1. Introduction

Mathematical modeling is an effective tool for describing and comprehending the complex systems’ spatiotemporal dynamics. The behaviours of various species in the natural ecosystem reveal a wealth of dynamical traits. The habits of different species in the natural ecosystem exhibit a wide variety of dynamic characteristics [1]. Many species have threatened extinction in recent decades as a result of inadequate resources, overexploitation, pollution, and predation. Most species extinctions are caused by an imbalance in the environment or an ecological system. External support trends to prevent species extinction including refuge and population limitation to a single place [2–4]. Considering the issue of extinction, many authors [5–10] investigated the dynamical behaviour of the same system. However, because we live in a spatial environment, spatial aspects in predator-prey systems should be considered. As a result, to characterize these systems, reaction-diffusion equations [11] should be used. The interaction between prey and predators receives the most attention in the ecosystem because it is so important and happens all over the world [4, 12]. In the realm of ecology, the dynamics of predator-prey interactions have long been the focus of interest and research.
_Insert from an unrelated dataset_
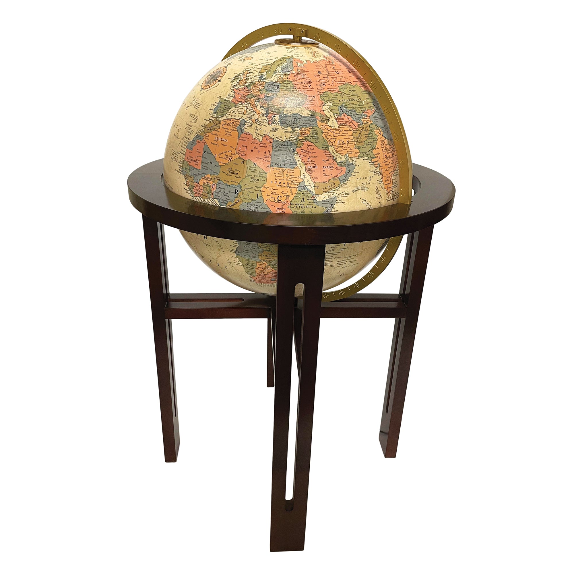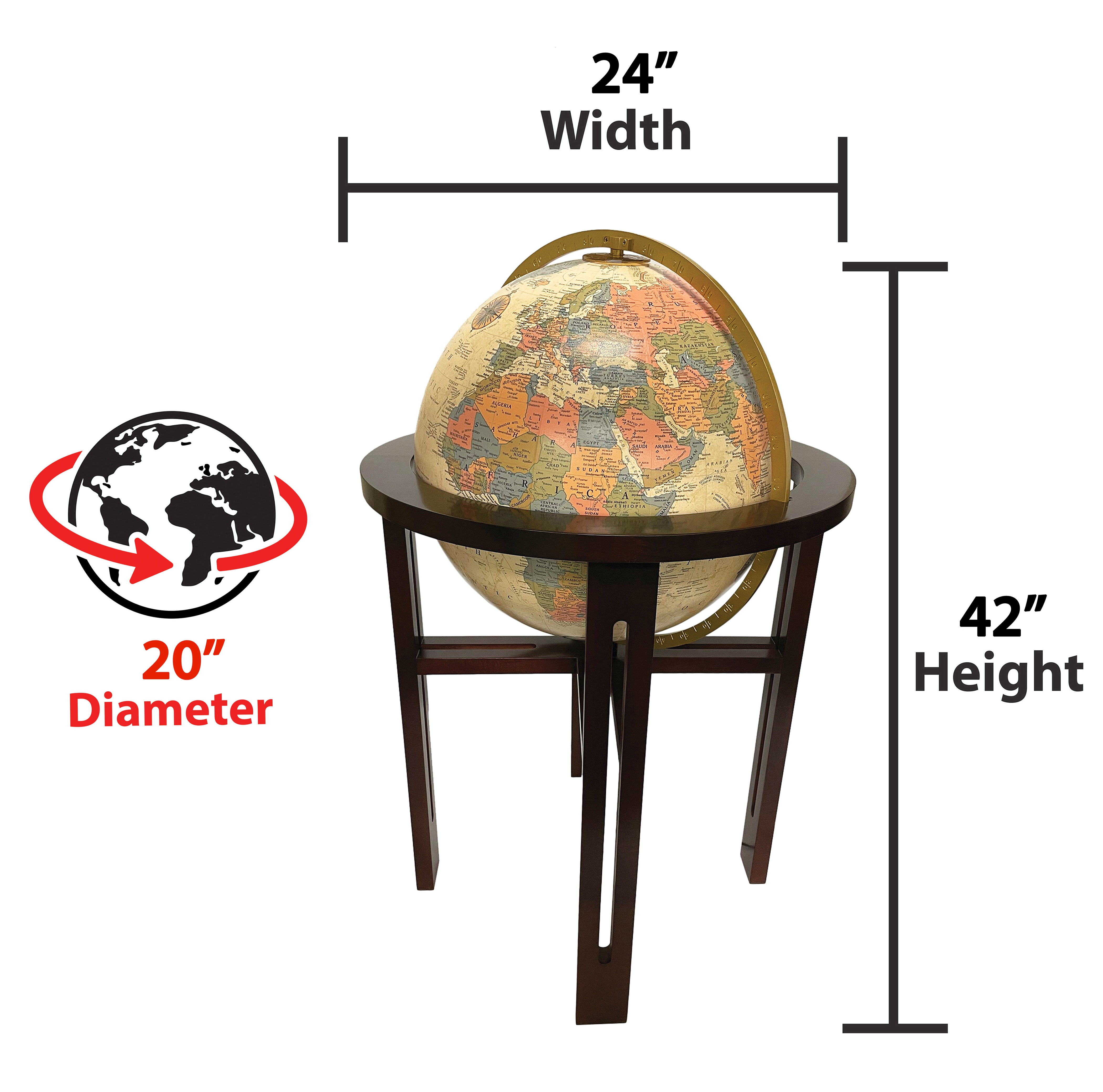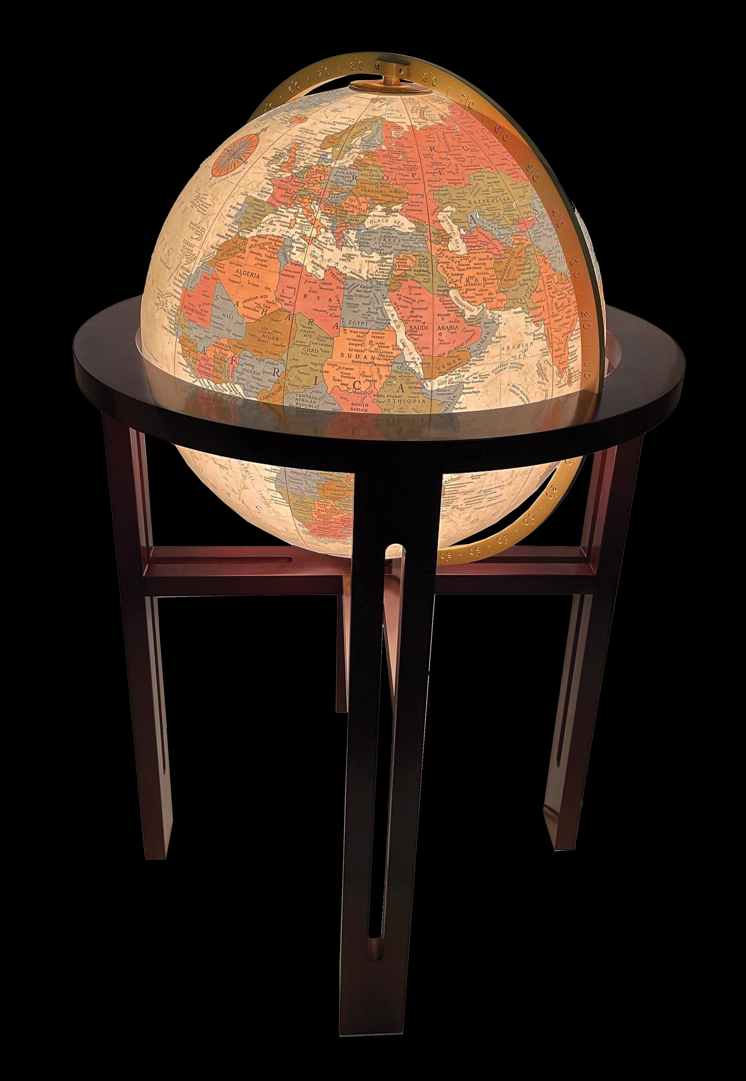 commands attention. This 42”/106 cm tall globe features a walnut stained hardwood stand. This beautiful stand holds a 20”/50 cm diameter hand cut, hand covered globe ball.

For forecasting and controlling ecosystems as well as deciphering the complex interspecies balance, it is essential to comprehend the spatiotemporal dynamics of these interactions. Mathematical models may be used as a useful tool for analyzing and forecasting the behaviour of predator and prey populations, which is one way to investigate these dynamics [13].

The spatiotemporal dynamics of a response diffusive predator-prey model is an important study area for a number of reasons [14–16]. First of all, it enables us to investigate the intricate interplay of species in a vast ecosystem. We may investigate how the movement and dispersal of predators and prey affect their population dynamics, geographical distribution, and overall stability by introducing diffusion factors. Furthermore, this study issue is extremely important in the light of global environmental changes and habitat fragmentation [17–19]. Landscape changes and the loss of habitat connectivity can have a significant impact on the dynamics of predator-prey interactions. We may acquire insights into the resilience and susceptibility of ecosystems under changing conditions and improve conservation policies aiming at maintaining biodiversity by examining the spatiotemporal dynamics of predator-prey models. Finally, the study of the spatiotemporal dynamics of a response diffusive predator-prey model is an extremely interesting research area. We can acquire a better understanding of how spatial dynamics and mobility impact the stability, coexistence, and persistence of predator and prey populations by including diffusion variables into mathematical models. This study’s findings have implications for biodiversity conservation, ecosystem management, and our general knowledge of complex spatiotemporal systems in nature and beyond [20, 21].

The creation of spatiotemporal patterns is significant in describing the dynamics of interacting populations as part of a larger ecological community [22, 23]. Such populations are scattered heterogeneously over their habitats, resulting in patterns that might be stationary or nonstationary in terms of time. Turing [24] demonstrated that diffusion-driven instability might bring out the spatial patterns in a system of coupled diffusion equations. Segel and Jackson [25] proved that Turing’s theories can also be applied to species diversity. Gierer and Meinhardt [26] also demonstrated a biologically justified formulation of the Turing-type model. Levin and Segel [27] proposed spatial pattern formation as one of the possible causes of planktonic flakiness.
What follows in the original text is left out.